Exercise details. The pictures in the listing below are to be skipped, while the lines between the line holding "林州重机涨停收盘,收盘价4." and the line holding "- 香りが最大限に楽しめるオードパルファン 石けんのようにやさしく、清潔に香るサボン。", inclusive, are to be output exactly.

-------- Task inputs --------

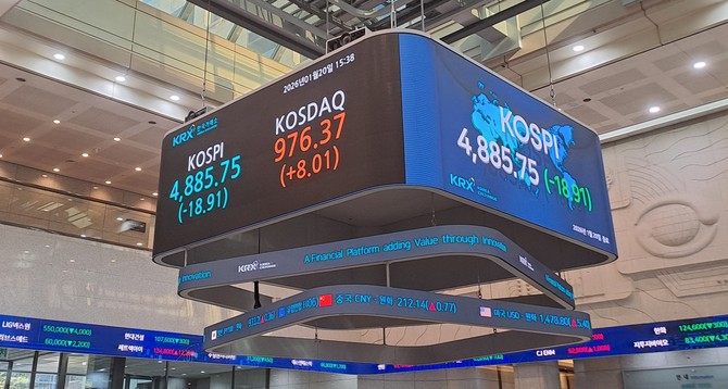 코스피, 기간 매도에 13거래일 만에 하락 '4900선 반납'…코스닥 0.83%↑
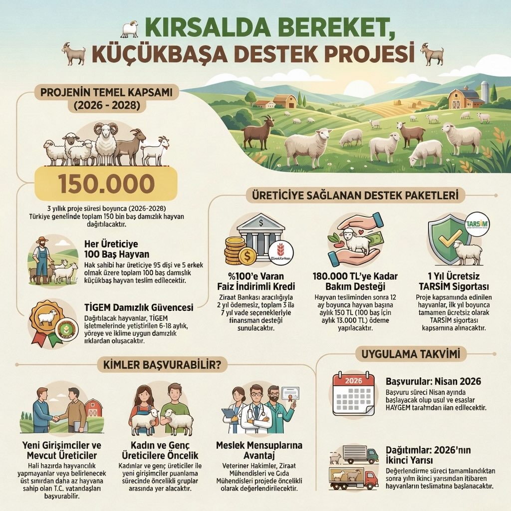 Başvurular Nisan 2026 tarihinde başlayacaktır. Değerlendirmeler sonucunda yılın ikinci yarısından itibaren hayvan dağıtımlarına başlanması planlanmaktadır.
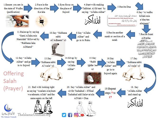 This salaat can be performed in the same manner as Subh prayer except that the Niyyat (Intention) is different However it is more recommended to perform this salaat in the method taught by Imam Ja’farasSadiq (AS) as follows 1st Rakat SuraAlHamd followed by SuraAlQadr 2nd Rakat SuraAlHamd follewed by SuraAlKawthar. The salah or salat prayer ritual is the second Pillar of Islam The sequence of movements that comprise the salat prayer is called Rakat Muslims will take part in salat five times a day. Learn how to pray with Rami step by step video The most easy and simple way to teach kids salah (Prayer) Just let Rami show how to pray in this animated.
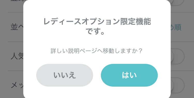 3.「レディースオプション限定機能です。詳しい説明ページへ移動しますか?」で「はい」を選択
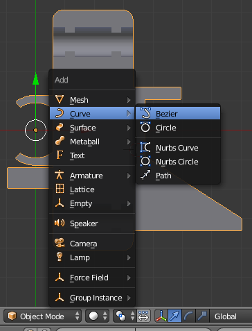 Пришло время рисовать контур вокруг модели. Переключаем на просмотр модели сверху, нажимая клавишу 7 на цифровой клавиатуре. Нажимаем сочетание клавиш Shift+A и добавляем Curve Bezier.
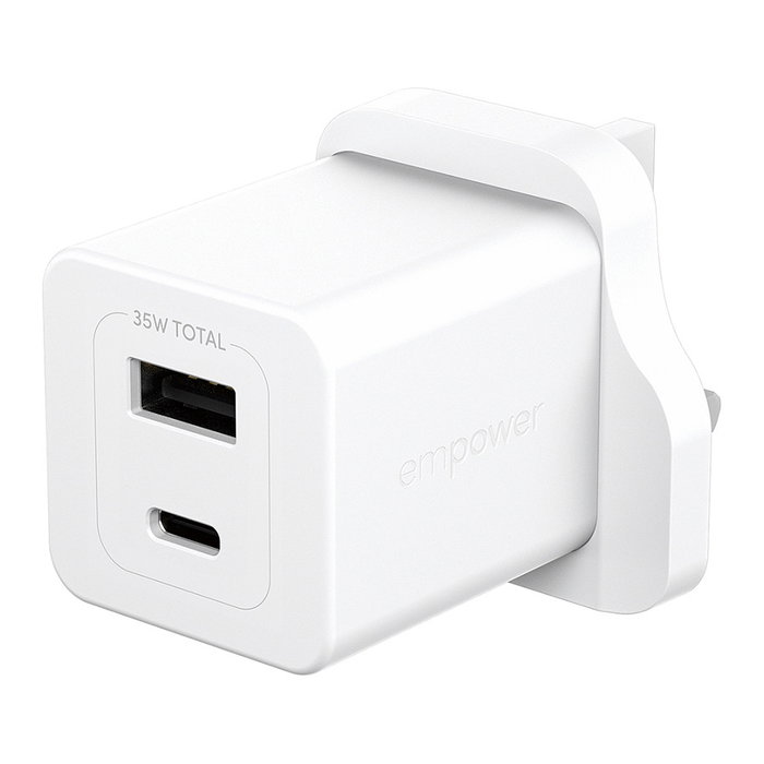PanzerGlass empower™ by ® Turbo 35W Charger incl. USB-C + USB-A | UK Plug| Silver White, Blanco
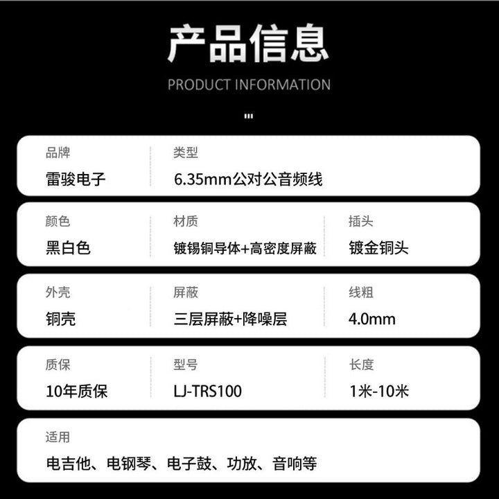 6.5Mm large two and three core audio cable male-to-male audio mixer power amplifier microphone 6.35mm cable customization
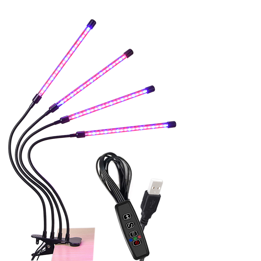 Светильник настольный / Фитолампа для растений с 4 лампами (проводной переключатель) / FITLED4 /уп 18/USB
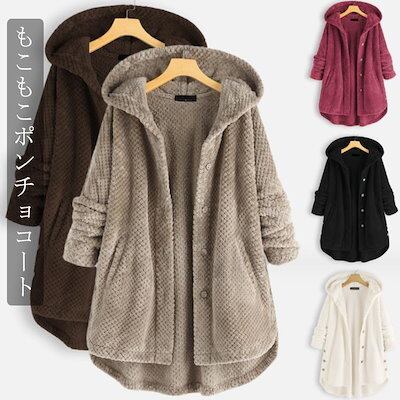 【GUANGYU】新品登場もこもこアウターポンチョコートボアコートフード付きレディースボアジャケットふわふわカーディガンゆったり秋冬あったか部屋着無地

--------
-------- Task inputs --------

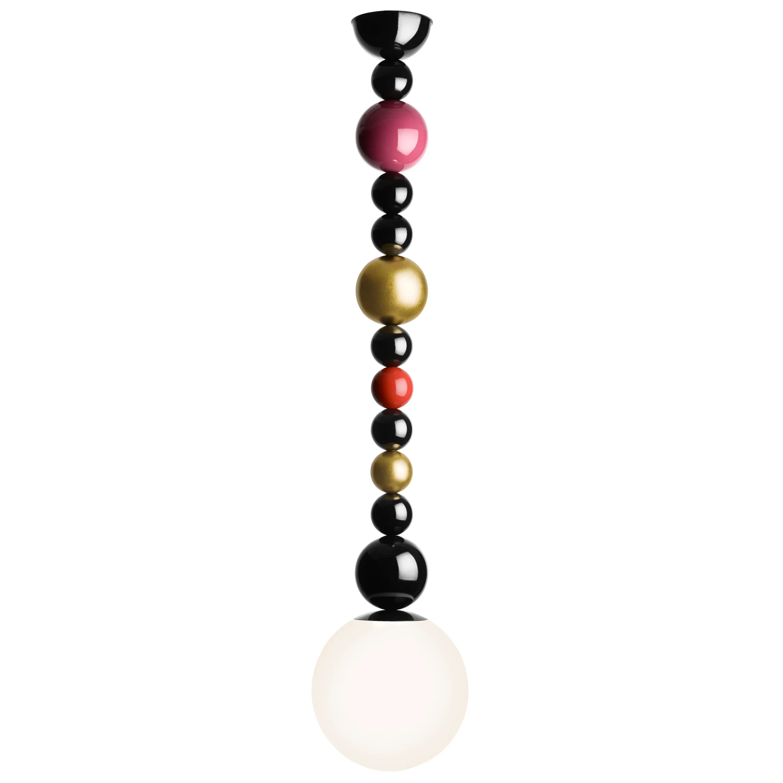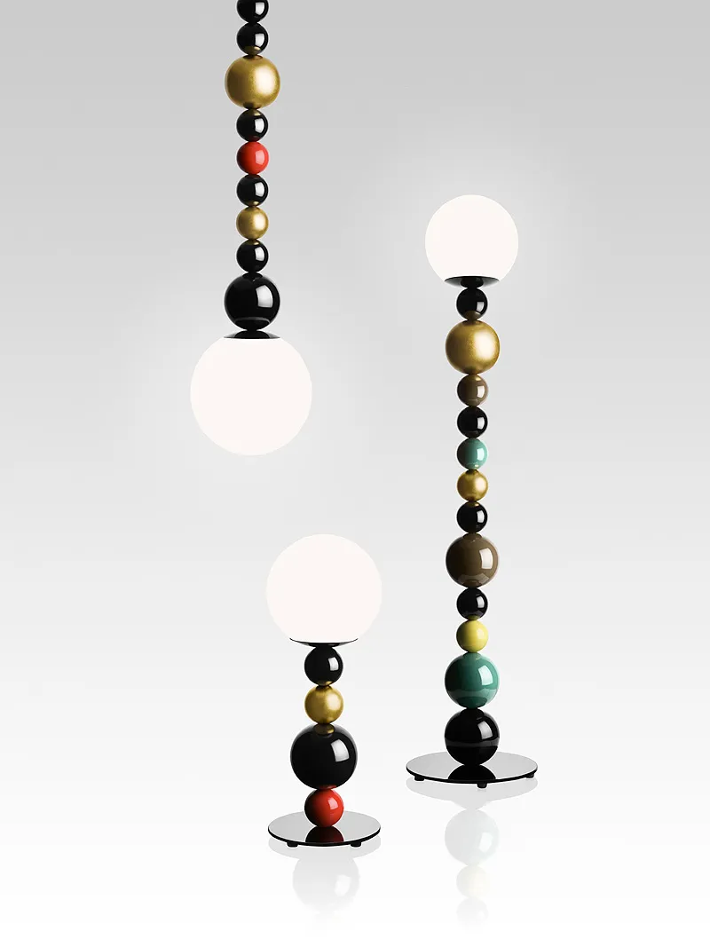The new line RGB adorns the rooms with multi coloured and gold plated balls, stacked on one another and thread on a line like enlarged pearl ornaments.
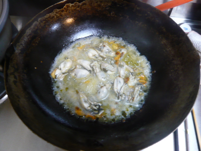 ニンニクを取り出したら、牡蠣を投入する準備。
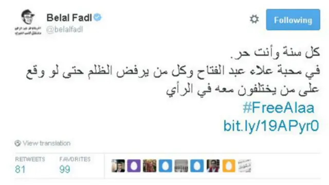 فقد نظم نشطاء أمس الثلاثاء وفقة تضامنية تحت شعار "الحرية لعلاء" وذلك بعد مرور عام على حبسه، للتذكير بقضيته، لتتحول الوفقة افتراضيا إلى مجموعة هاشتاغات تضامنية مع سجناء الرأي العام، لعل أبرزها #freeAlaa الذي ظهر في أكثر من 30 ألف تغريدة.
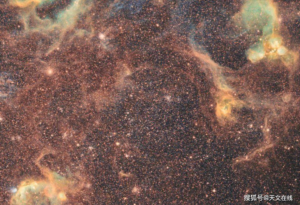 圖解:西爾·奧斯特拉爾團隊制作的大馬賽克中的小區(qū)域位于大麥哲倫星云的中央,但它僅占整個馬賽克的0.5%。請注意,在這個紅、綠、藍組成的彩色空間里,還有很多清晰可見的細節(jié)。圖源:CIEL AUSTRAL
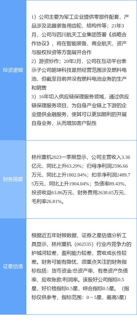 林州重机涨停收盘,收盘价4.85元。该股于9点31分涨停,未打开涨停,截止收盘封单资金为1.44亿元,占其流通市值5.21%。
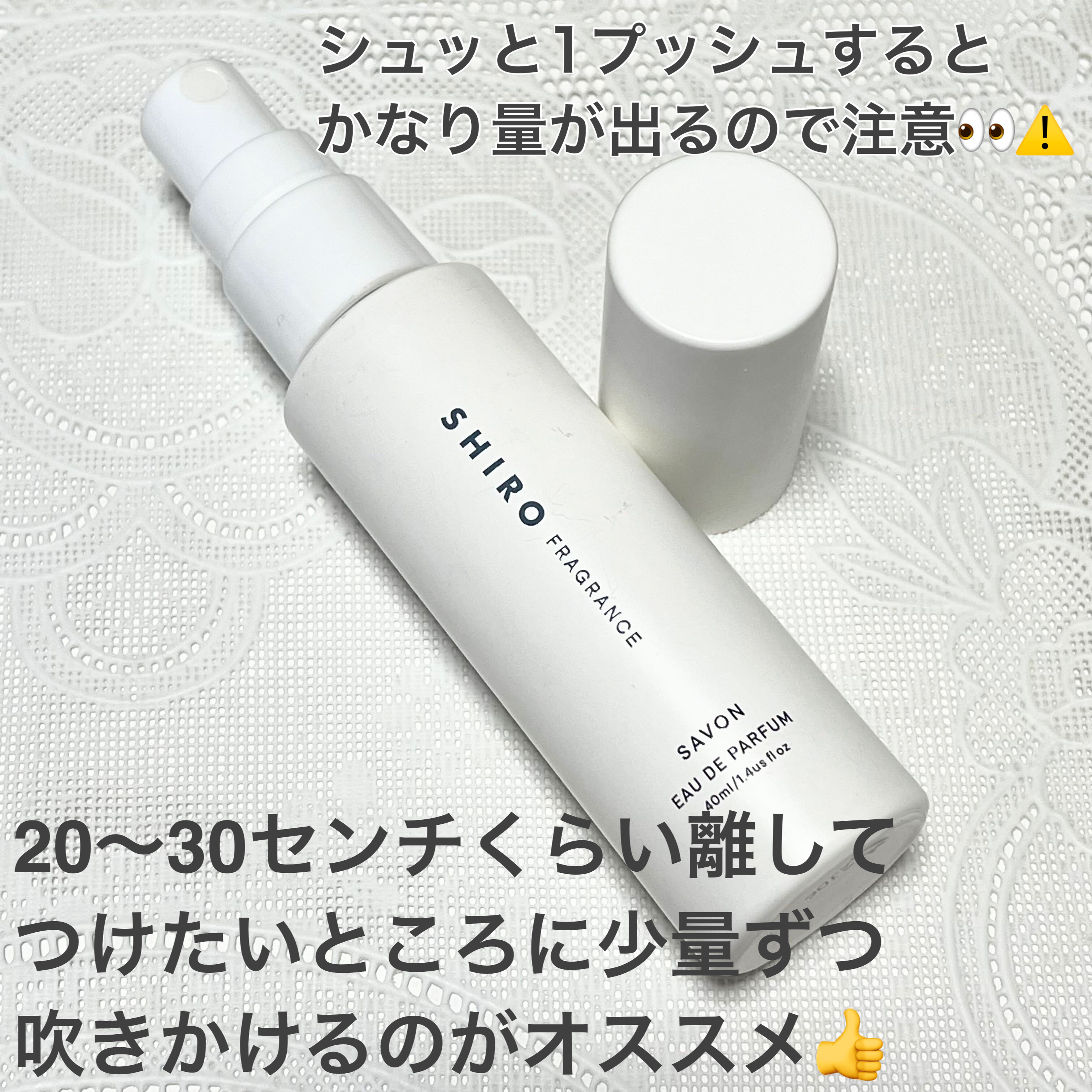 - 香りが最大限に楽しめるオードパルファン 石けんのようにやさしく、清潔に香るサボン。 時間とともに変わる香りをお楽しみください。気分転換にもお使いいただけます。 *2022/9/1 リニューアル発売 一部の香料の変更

--------

Solution for this task.
 林州重机涨停收盘,收盘价4.85元。该股于9点31分涨停,未打开涨停,截止收盘封单资金为1.44亿元,占其流通市值5.21%。
 - 香りが最大限に楽しめるオードパルファン 石けんのようにやさしく、清潔に香るサボン。 時間とともに変わる香りをお楽しみください。気分転換にもお使いいただけます。 *2022/9/1 リニューアル発売 一部の香料の変更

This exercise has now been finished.